3. Provincial Admission Boards: The provincial admission boards must operate under a transparent and consistent procedure and must employ unambiguous criteria in status determination that comply with international standards set out in the 1951 Convention relating to the Status of Refugees and its 1967 Protocol. Status determination should take place on a case by case basis with the right to appeal. Accession to and compliance with the 1951 Convention and 1967 Protocol as well as the promulgation of a Thai refugee law would greatly contribute to consistency and accountability. Thailand must abandon its current position that only those fleeing direct fighting are entitled to temporary stay in Thailand, in favor of a position which recognizes the Refugee Convention definition of "refugee" and places greater emphasis on the human rights abuses in Burma which forced refugees to flee. No refugee should be denied protection in Thailand. The boards should also consider convening and reviewing new cases on a regular and consistent basis.

4. Urban Refugees: The Thai government is entitled to decide where refugees will receive assistance but it is also obligated to ensure for the refugees safe passage, admission, care and protection within Thailand.
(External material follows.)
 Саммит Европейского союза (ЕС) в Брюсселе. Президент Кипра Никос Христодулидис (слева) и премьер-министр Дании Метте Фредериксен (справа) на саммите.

Movement into a camp is not an acceptable option in every case. For those persons whose safety cannot be guaranteed at the border because of differences with the KNU, DKBA or other groups, Thailand must either provide a safe place of refuge or resettlement must remain an available option. Resettlement should be open without discrimination to any refugee who cannot otherwise receive international protection in Thailand.

5. Support for UNHCR: The international community must support and strengthen UNHCR in its current protection role in Thailand. Foreign embassies should actively intervene with the Thai government in support of UNHCR and make more frequent visits to the border to directly assess conditions there. The international community must insist that the Thai government comply with the international standards of voluntary return in safety and with dignity, respect for human rights, and protection monitoring by UNHCR. A resolution was unanimously adopted by the UN Commission for Human Rights in April 2000 calling on the Burmese government "To end the enforced displacement of persons and other causes of refugee flows to neighboring countries and to create conditions conducive to their voluntary return and full reintegration in safety and dignity." Until these conditions are met, there should be no no consideration given to repatriation of refugees to Burma.

6. Policy of the SPDC: Burmese authorities must end the abuses which have forced the refugees to flee to Thailand, and take concrete measures to implement the recommendations set forth in the April 2000 resolution of the U.N. Commission on Human Rights. In the resolution, the commission called for the SPDC to "ensure full respect for human rights and fundamental freedoms, including the freedoms of expression, association, movement and assembly, the right to a fair trial by an independent and impartial judiciary and the protection of the rights of persons belonging to ethnic and religious group minorities, and to put an end to violations of the right to life and integrity of the human being, to the practices of torture, abuse of women, forced labour and forced relocations and to enforced disappearances and summary executions."